-- Opening Marker --

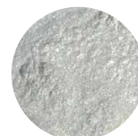
KTZ® STELLAR WHITE
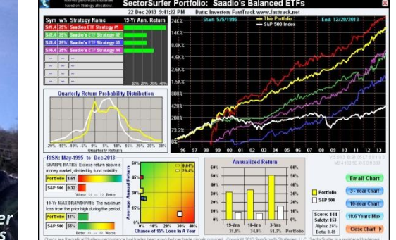
Click Chart to See Portfolio Details
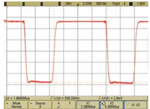
C-band modulator operation. Detected RF at 38 kV cathode, 56 A, 630 Hz. Nominal 1 μs wide double pulses spaced at 1.9 μs.
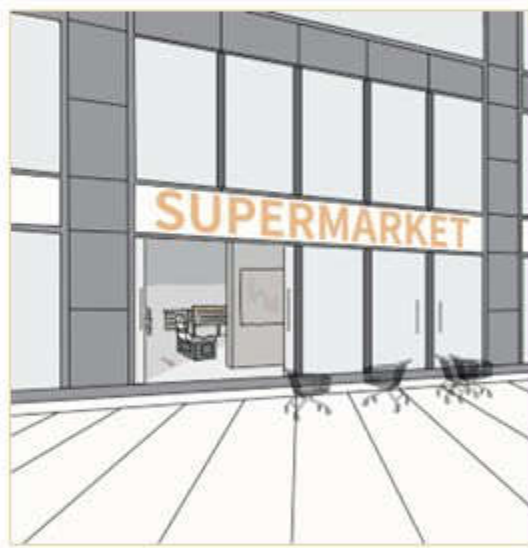
at the supermarket
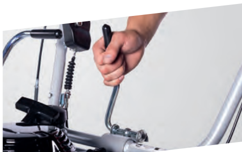
CENTRAL HANDLEBAR HEIGHT ADJUSTMENT
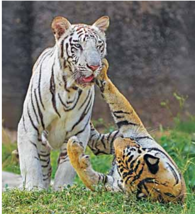
White Tiger Bheem and Bengal Tiger Skandi play at the Nahargarh Biological Park, in Jaipur.

(The author is a political analyst. Views are personal)
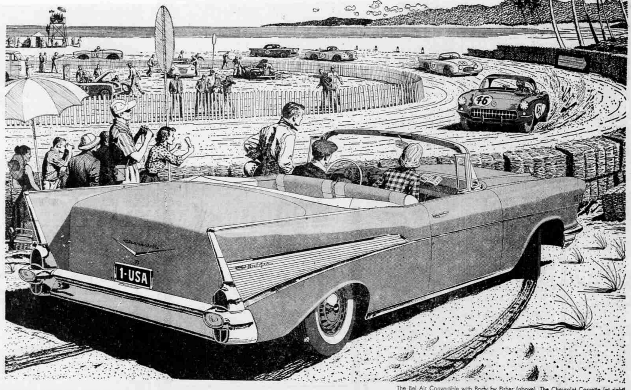
The Bel Air Convertible with Body by Fisher (above). The Chevrolet Corvette (at right).

Only franchised Chevrolet dealers display this famous trademark

-- Closing Marker --

**Work request:** Omit the pictures. Write out exactly the lines from the one containing "Click Chart to See Portfolio Details" through the last line of the entries, both of them included.

**Response to the exercise:**
Click Chart to See Portfolio Details
C-band modulator operation. Detected RF at 38 kV cathode, 56 A, 630 Hz. Nominal 1 μs wide double pulses spaced at 1.9 μs.
at the supermarket
CENTRAL HANDLEBAR HEIGHT ADJUSTMENT
White Tiger Bheem and Bengal Tiger Skandi play at the Nahargarh Biological Park, in Jaipur.

(The author is a political analyst. Views are personal)
The Bel Air Convertible with Body by Fisher (above). The Chevrolet Corvette (at right).

Only franchised Chevrolet dealers display this famous trademark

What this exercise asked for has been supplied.